There is more to life after administration than simply closing poorly performing stores. There are rules that should be followed.
So here’s the deal. We’re not doing very well, so let’s put the company into administration and then buy it back from the administrators and ditch the stores that have been letting us down. We’ll have to alter our name (a bit) and we may let down a few of our creditors, but on the on the other hand we’ve have a viable business model.
Sound familiar? Well if it doesn’t, you really haven’t been reading the retail press as diligently as might be advisable. And while the outlined modus operandi may sound like a possible way forward, it ignores one thing. If a business is not all that, then it’s probably not all that even with fewer stores. Add to this the fact that suppliers may well become a mite more cautious about giving a business of this kind credit and before a phoenix retailer knows it, it may be right back where it started - at the door of the administrator.

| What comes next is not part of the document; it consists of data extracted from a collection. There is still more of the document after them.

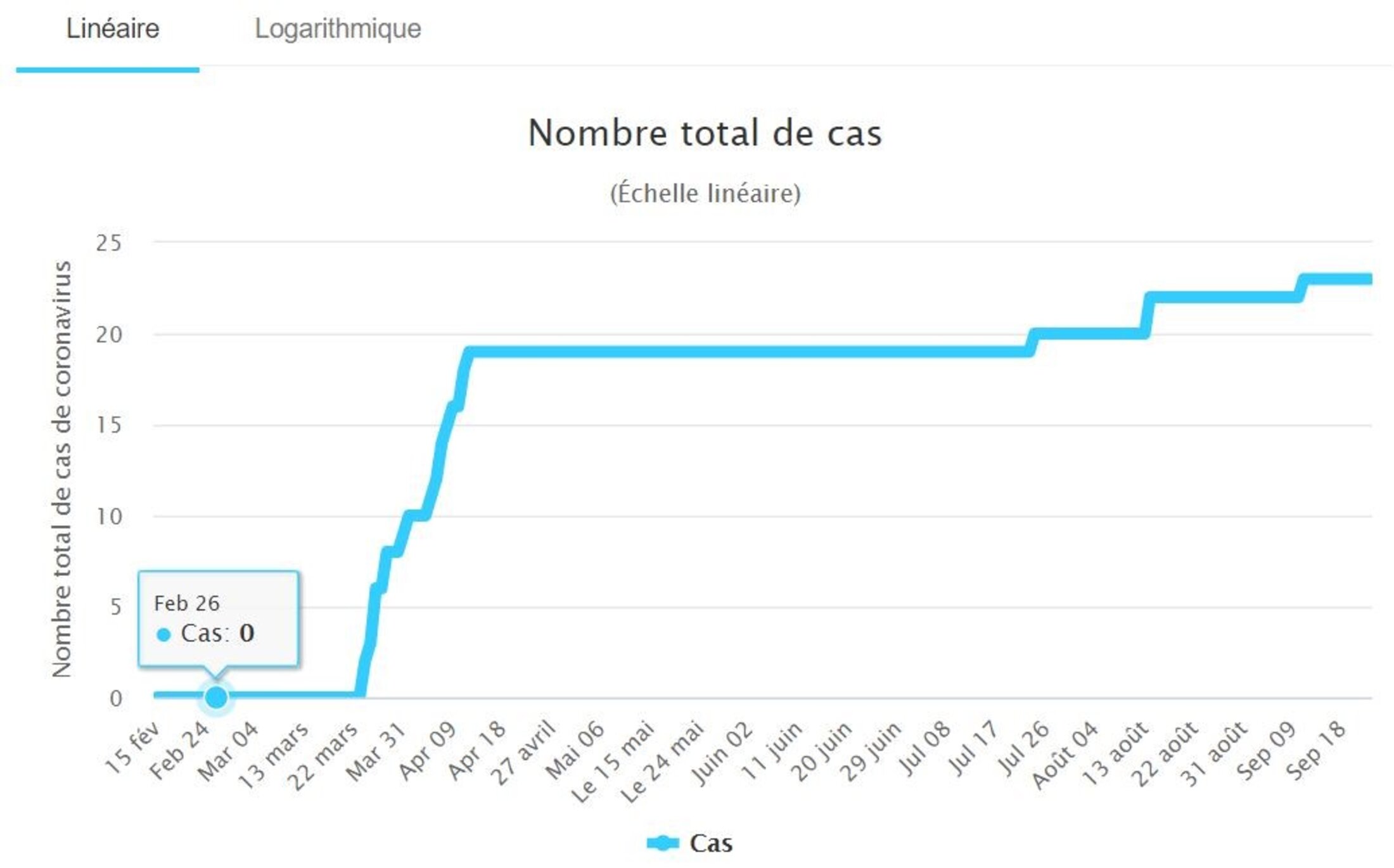 Au 24 septembre 2020 : Cas confirmés : 23 ; Cas suspects[1] : 318 ; Guéris : 22 ; Décès : 0
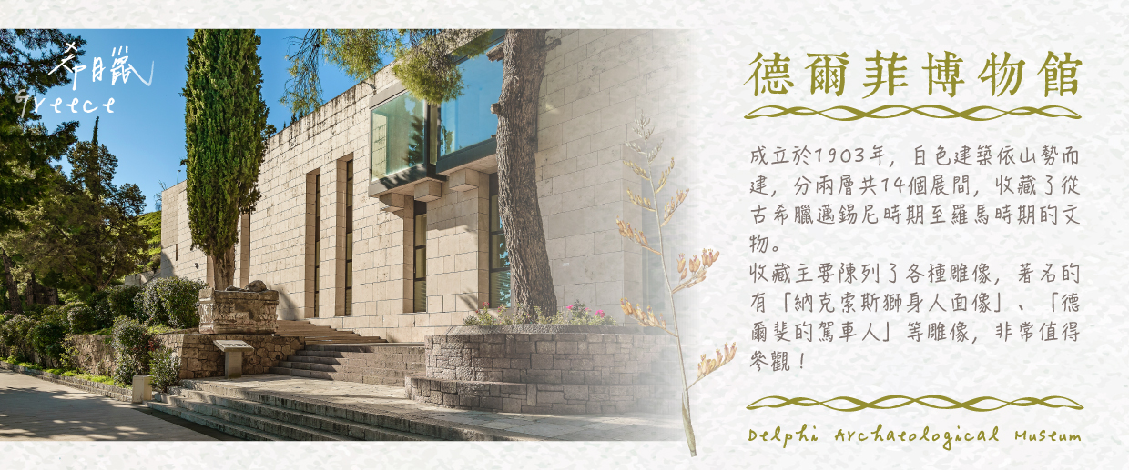 【德爾菲博物館】(入內參觀含官方導覽)是一個展示古希臘文明輝煌歷史的場 所。博物館內收藏了大量來自德爾菲的考古文物,包括雕塑、陶器、銅器等,展品涵蓋從古代至新石器時代的不同時期,展示了這片神聖土地上曾發生的文化和宗教 活動。其中青銅時代的精美雕塑與當時的祭祀物品,讓人能夠深入了解古希臘人對神祇的敬仰及其生活方式。博物館的展覽不僅揭示了古希臘的藝術成就,也讓人感 受到這些文物在歷史洪流中的重要地位。走進德爾菲博物館,仿佛穿越回古希臘的黃金時代,讓每一件展品都講述著古文明的故事,深刻體現了德爾菲作為神諭聖地 的歷史價值與文化底蘊。
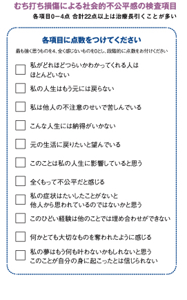 昔は頚椎カラーやマッサージ、ブロックなどを行っていましたが、最新の国際的に推奨される治療法は、診察にて神経損傷が無ければ、仕事や日常生活にすぐに戻ることが早く治る秘訣です(表1)。運動療法は効果あるとされており、鎮痛剤の内服は数日までの短期間で終了するほうが良いとされています。追突されたら加害者に腹が立つと思います。しかしあまり怒ると余計に痛みが増えてしまう原因になることが調査で判明しているのでもし(表2)のような気持ちが大きいなら少し気持ちを切り替えるほうが自分のためになります。事故は避けることができれば良いのですが、大型車両に追突されたり、またバイクが自動車に追突したり様々です。しかし、大型車両がぶつかっても、バイクのような軽いものが追突しても治療期間は変わりませんでした。つまり日本での「むち打ち」の怪我は身体の怪我ではなくて、むしろ心の怪我と考えてはいかがでしょうか?起きてしまったことは仕方がありませんので、前を向いて日常生活を過ごしていきましょう。
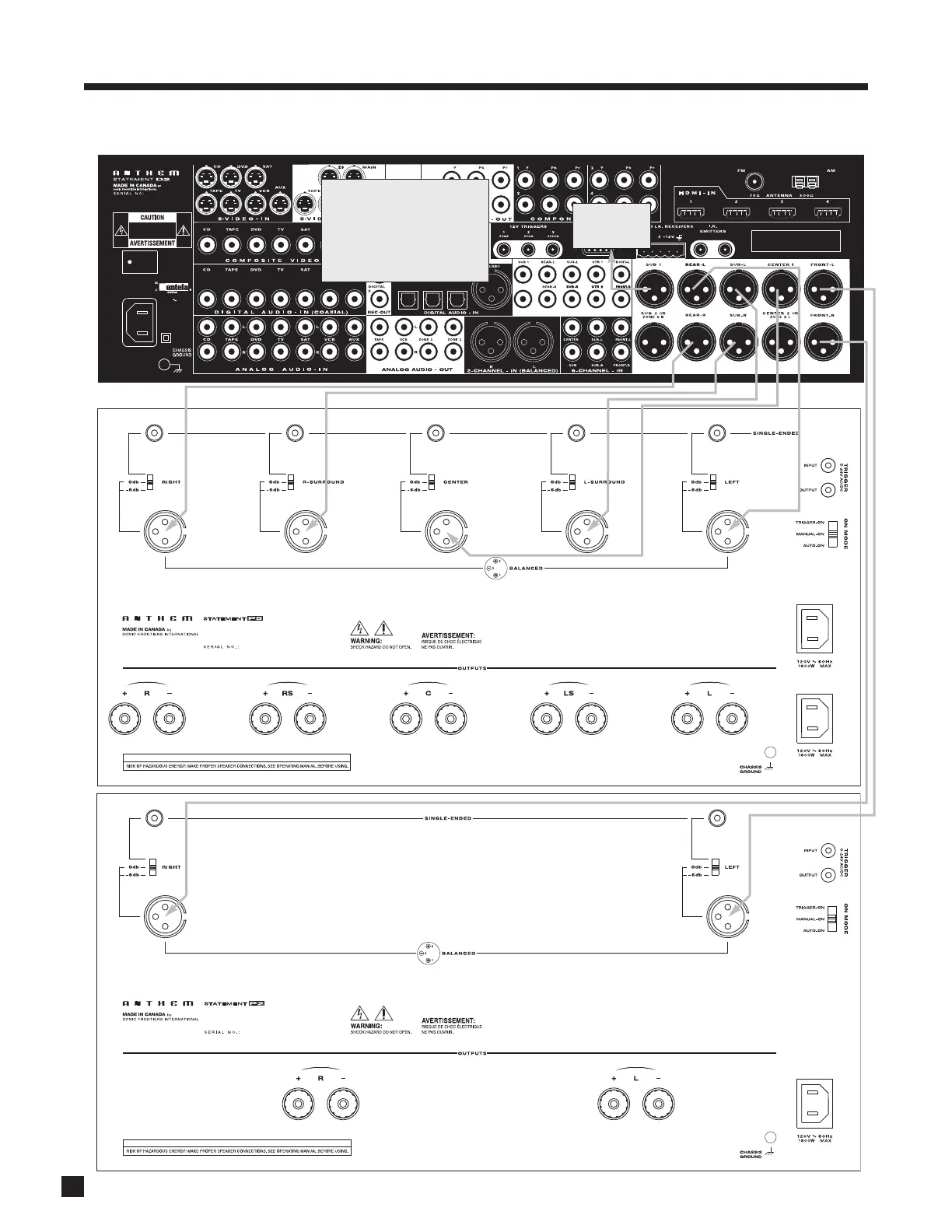 Example 3: Processor to amplifiers and subwoofer (Balanced connection shown, single-ended is similar)
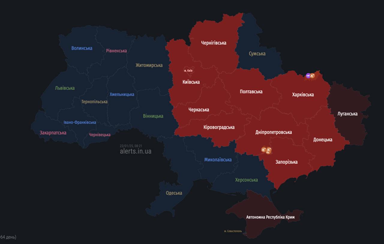 08:22 Тревога в Киеве и ряде регионов. Мониторинговые паблики пишут об угрозе баллистики.
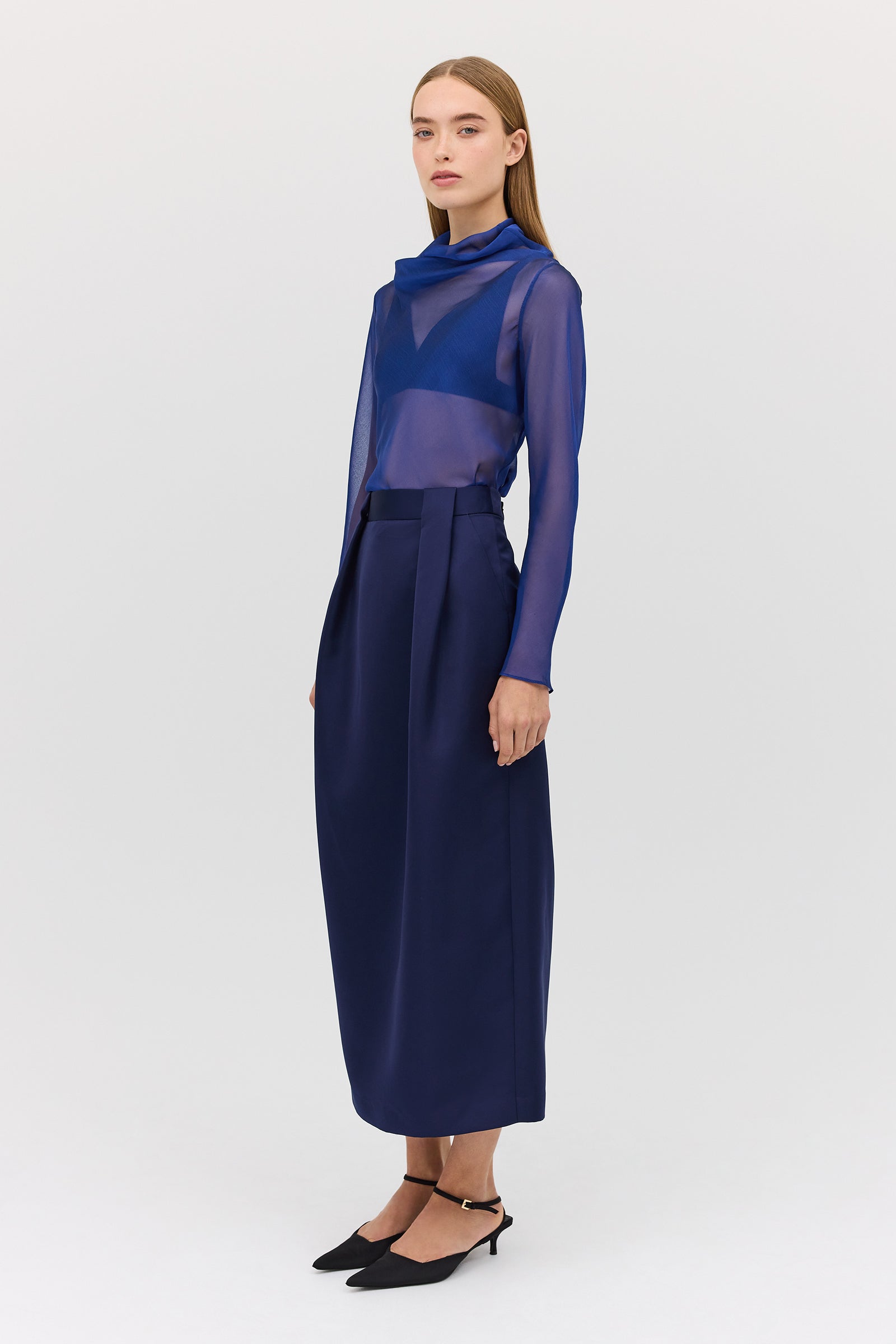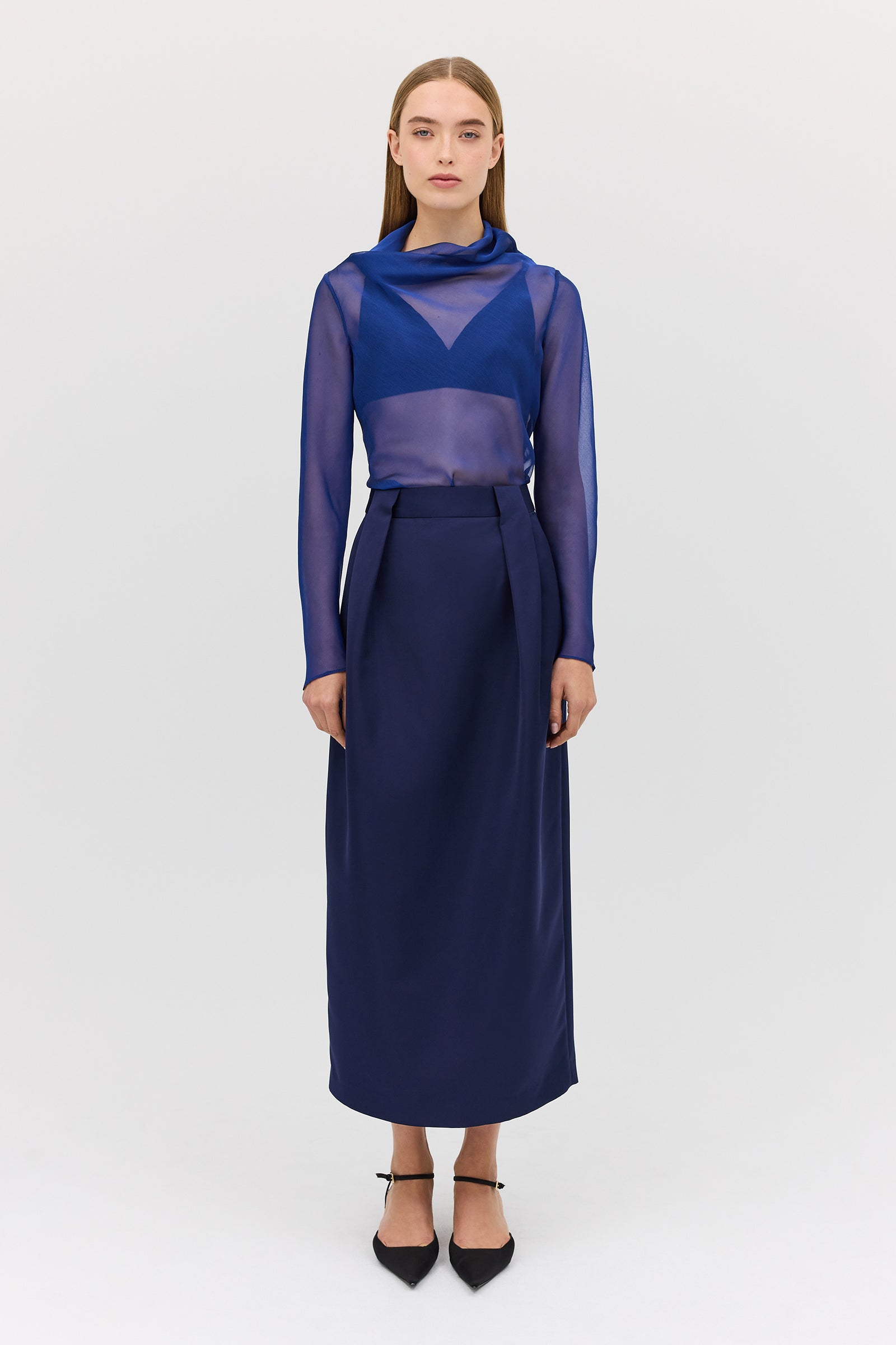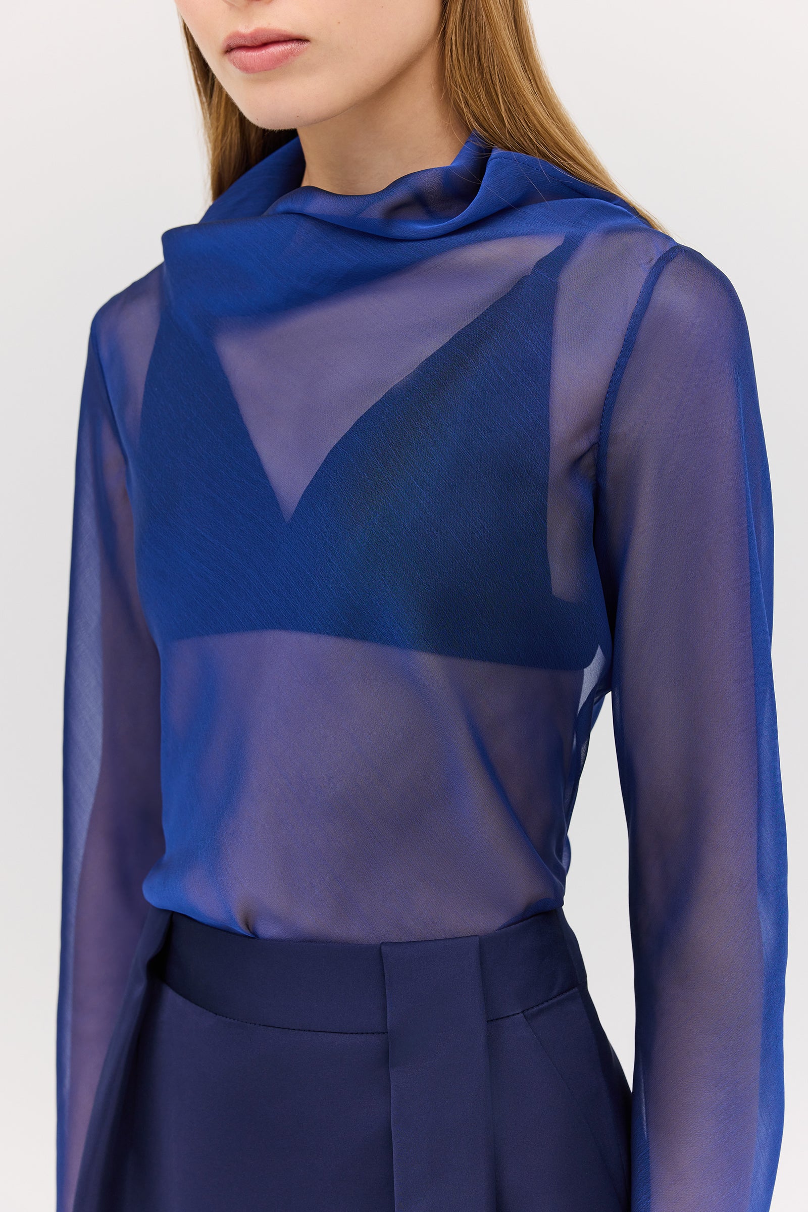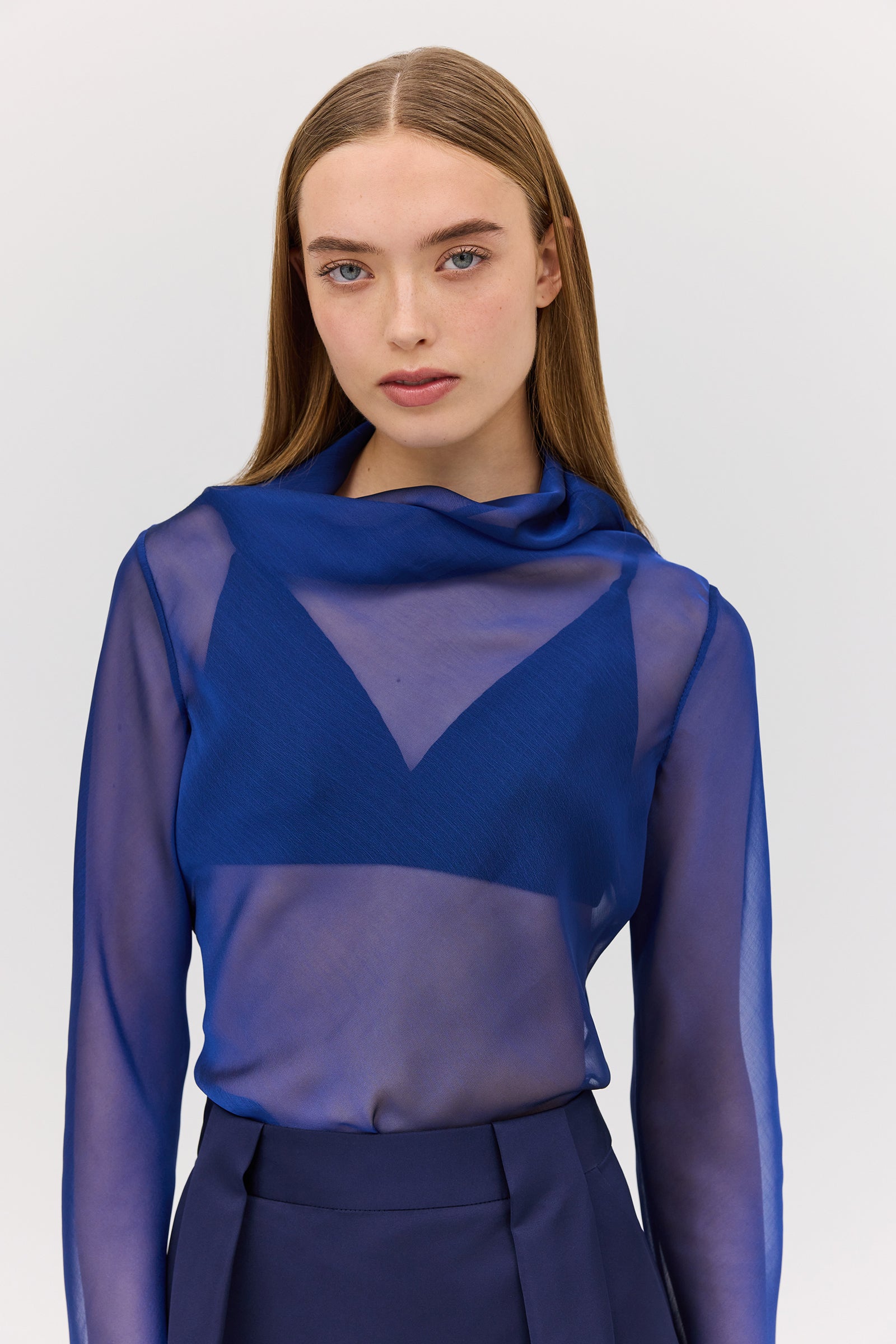 Your most-loved Tatiana Top is back, re-imagined for a new season, in our striking Royal Chiffon colourway. Long-sleeved yet sheer in nature, the Tatiana Top plays into the notion of concealment and revelation that underpins the theme of intimacy this season. Featuring a gently draped cowl neckline, and cut from our signature lightweight chiffon, this piece is intended to glide over the body, softly skimming the form.

The point perhaps is that if a reborn business is to thrive, something has to be done to make the shops the kind of place that shoppers will wish to visit - rather than offering a beefed up (or otherwise) version of what was already there. There’s usually a pretty good reason why a business descends into administration and more usually than not it will be because it operates in the same way as others, but less efficiently, and its stores are not shopper magnets.
So what should and can be done? In the first instance, when closing stores, take a look at what they look like. Are they any different from the better performing branches? If the answer is no, and it usually will be in a chain operation, then perhaps it’s time to assess what is going to be done with the rump.
This need not involve huge amounts of money, but it should be aimed at making the stores better places to visit. If a tick can be put in the improved shops box, then consider how to do something about the stock. Trying to sell merchandise from a stockroom really won’t work, so concentrate on not overbuying - easily said, less easily achieved.
If neither of these look possible, then perhaps it’s time to start thinking about not trying to raise the dead. There is little point in throwing (other people’s) good money after bad. And if you’re looking for an example of all of this, think about a Scottish discount fashion retailer that has recently been repurchased by its owners.